Showing posts with label VPP. Show all posts
Showing posts with label VPP. Show all posts

Tuesday, December 3, 2019

Virtualized Networking Acceleration Technologies - Part II


In Part I of this series of posts, I recapped my research on these virtualized networking technologies, with the aim to build an understanding of:

  • what they are
  • the history and evolution between them
What I did not cover, was a couple of further questions:
  1. When to Use Them
  2. Can you Combine Them?
This link is a fantastic link that discusses item number one. Now, I can't tell how "right" or "accurate" he is, and I typically look down in comments for rebuttals and refutes (I didn't see any and most commenters seemed relatively uninformed on this topic).

He concludes that in East-West (inter-data center) traffic, DPDK wins, and in North-South traffic, SR-IOV wins.
https://www.telcocloudbridge.com/blog/dpdk-vs-sr-iov-for-nfv-why-a-wrong-decision-can-impact-performance/

Friday, September 27, 2019

Vector Packet Processing - Part IV - Testing and Verification

As I work through the documentation on fd.io, it discusses Installation, and then there is a section called "Running VPP".

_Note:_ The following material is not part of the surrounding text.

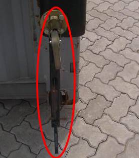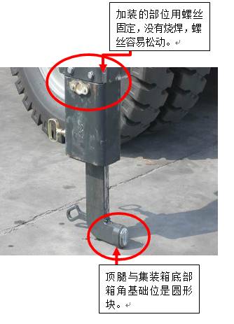 3)國(guó)外工廠可能出于對(duì)自己國(guó)外鋼材的信心,而沒(méi)有留意到國(guó)內(nèi)的集裝箱制造廠的產(chǎn)量和用量遠(yuǎn)遠(yuǎn)大于國(guó)外的工廠、司機(jī)操作不是很規(guī)范、場(chǎng)地的條件比較差。所以設(shè)計(jì)的頂腿的鋼材比較?。?0mm)、與臂內(nèi)的套口空隙大容易晃動(dòng),導(dǎo)致使用一段時(shí)間后,出現(xiàn)頂腿變形、輕微彎曲的情況。如圖六所示;
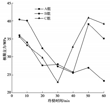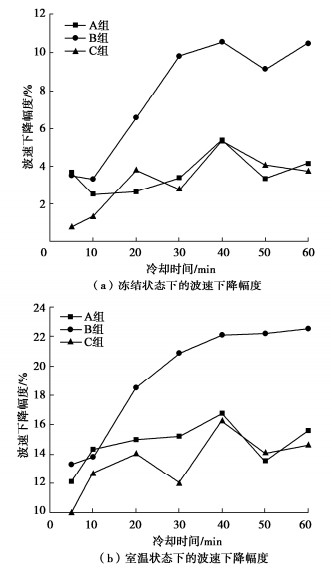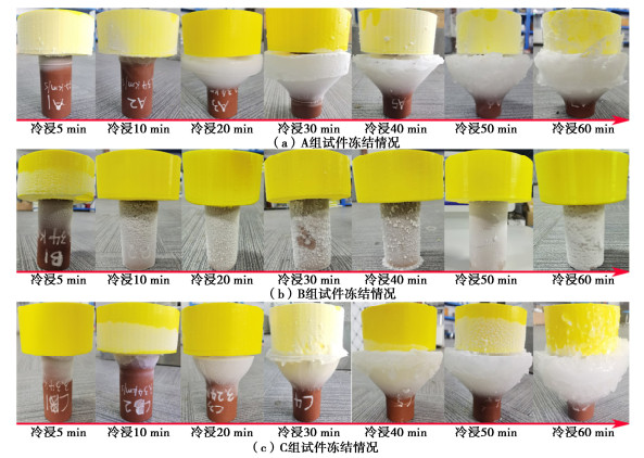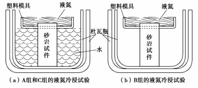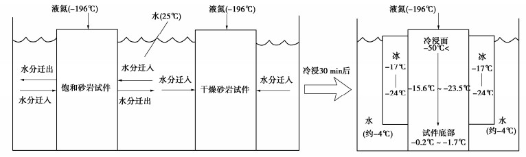 The construction of underground engineering often encounters the problems of staggered sand and soft strata with abundant groundwater. The low temperature of liquid nitrogen can make the rock and soil quickly freeze to achieve the purpose of soil stability and reinforcement. However, the rapid freezing of liquid nitrogen will also lead to the deterioration of the physical and mechanical properties of the surrounding rock and soil. Therefore, it is of great significance to explore the influence of external water source on rock deterioration under ultra-low temperature for the long-term stability and safety engineering construction. In order to study the influences of external water source on the low-temperature deterioration of rock, the ultrasonic experiment, nuclear magnetic resonance experiment and uniaxial compression experiment are carried out on rock samples under different saturated conditions after liquid nitrogen freezing treatment of liquid nigtrogen. The test results show that: (1) The rock samples still have damage in the frozen state, and the degree of damage increases further after the rock samples return to room temperature. (2) The freezing time of liquid nitrogen for about 40 minutes has the most obvious deterioration effects on the rock samples. (3) The external water environment increases the deterioration degree of the dry rock samples and decreases the deterioration degree of the saturated rock samples. (4) When there is a water source outside the rock, the long-term (> 30 minutes) freezing of liquid nitrogen will increase the strength of the rock, while the short-term (≤ 30 minutes) freezing of liquid nitrogen will deteriorate the strength of the rock.

The first error I encountered in this documentation had to do with running the VPP Shell. The documentation said to run the following command: "sudo vppctl -s run/vpp/cli-vpp.sock"

On a CentOS7 installation, the cli-vpp.sock file is actually called "cli.sock", not "cli-vpp.sock".  So in correcting this, indeed, I see a CLI shell, which I will show further down.

So there is a CLI to master with this. And to be any kind of guru, one will need to learn this. It does look like a more or less "standardized" CLI, with syntax commands that include the familiar, "show", "set", etc. I ran the "help" command to get a dump of commands, which showed a hefty number of sub-commands to potentially learn.

I decided to run a fairly simple "show interface" command, to see what that would produce. And, here is the result of that.

"show interface" results from VPP shell CLI - all interfaces down
So the CLI sees 4 Gigabit Ethernet interfaces, all in a state of "down". 

This server has two dual-port NIC cards, so it makes sense to me that there would be two found on GigabitEthernet1. Why there is only a single interface found on GigabitEthernet3, I need to look into (seems there should also be two of these). The local0 interface, I presume, is a NIC that is on the motherboard (I could see people confusing local0 with a loopback). 

If you proceed with the dp.io documentation, it actually instructs you to set up a veth pair - not the actual physical NICs on the box - and create interfaces that way and enable them, and then do some tracing. It probably makes some sense to do that, before trying to bring these Gigabit Ethernet NICs up and test those. Why? Well, for one reason, you could knock your connectivity to the server out, which would be bad. So let's leave our physical NICs alone for the time being.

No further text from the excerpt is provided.